Recent events in my life got me thinking about a book that I read in my youth. In hindsight it seems to me that my life has mirrored the biography of X whose life journey this novel describes. I'm not going to reveal the name of the book. That would be too embarrassing! But I recall that even as I read this book I started thinking “this is going to happen to me!” It’s not that I wanted these things to happen. I just seemed to know that they would. And sure enough my life did begin to follow the trials and tribulations of X in the novel. It may have been that I subconsciously tried to find ways to emulate the events in the book, to copy them. I grant you that. That could easily be true. But some of the events could never come about through my own efforts. There is no way, however artfully, however skilfully that I might have tried that I would have been able to architect these things for myself. The most important events could only have come to me with the cooperation of Nature, with the help of the Cosmos. They could only have come to me from the outside and they bear the unmistakable stamp of fate. Like the book itself my life, my story could only have been written by a more powerful author than me. Nevertheless it is probably true that in the ways that I could emulate the disposition of X I did. I did strive to copy him. I did strive to behave like him. At that time I willingly threw myself into his mindset. But I eventually forgot about the book.

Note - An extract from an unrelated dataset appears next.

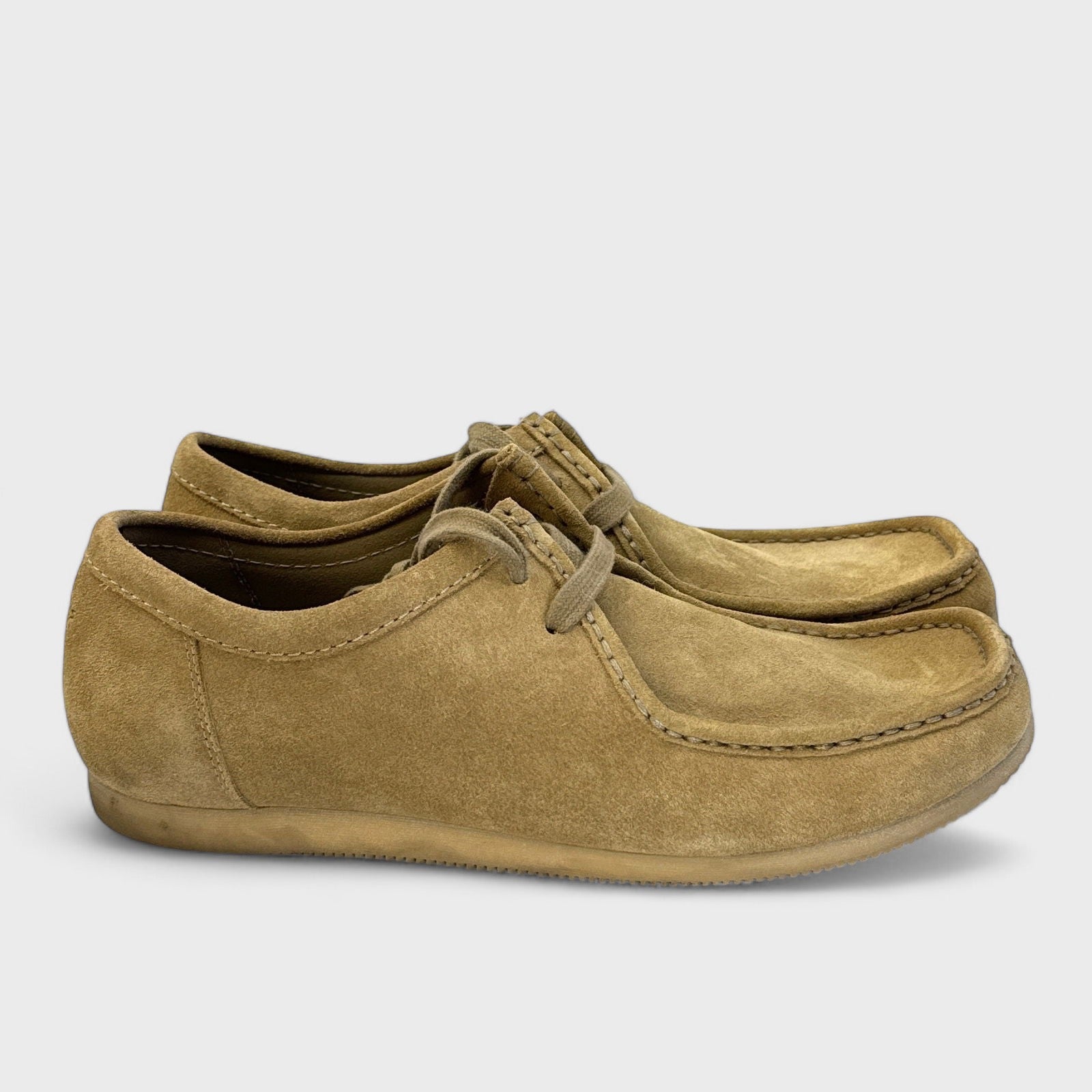 Step into classic style and comfort with these Clarks Wallabee Low shoes. Featuring the iconic moccasin-inspired design, these shoes are crafted from beige suede and provide a timeless look perfect for casual wear. The shoes offer a soft, flexible feel, making them ideal for all-day comfort.

Until recently. Recent events in my life harken back to this novel again. More forcefully. My life is up to the difficult parts, the climactic parts. My prophecy that I would share X’s fate is still coming true. I decided that I had to reread the book, to read it again, but I could not find my copy. In the last few weeks I have been to many bookstores, secondhand book shops, libraries and book rooms in search of a copy but I have not found one. The book is reasonably popular and is published as a penguin classic. You might say why not order it on-line? I don’t know. It didn’t occur to me. In truth ordering it online seems a little crass. But I did find another novella by the same author and rereading that went some way to satisfying my impatience while I continued the search. His books are all very similar. And then last weekend while we were cleaning the cupboards in our small apartment, perhaps in preparation for moving house - that escape hatch, that emergency exit, that way out that we may need to soon invoke - whilst cleaning the cupboards I found a freshly minted copy of the book! A brand new copy of the novel was hidden away at the bottom of our messy cupboard! The copy of the book has an inscription written on the inside cover but the inscription is for someone else, the inscription is not to me. So not my copy then. Not a copy that I was supposed to read, but here it was! So now we have two layers of improbability, two orthogonal twists of fate. Firstly this book mysteriously describes my life foretelling my future and secondly a copy of the book has been miraculously returned to me in the hour of my need.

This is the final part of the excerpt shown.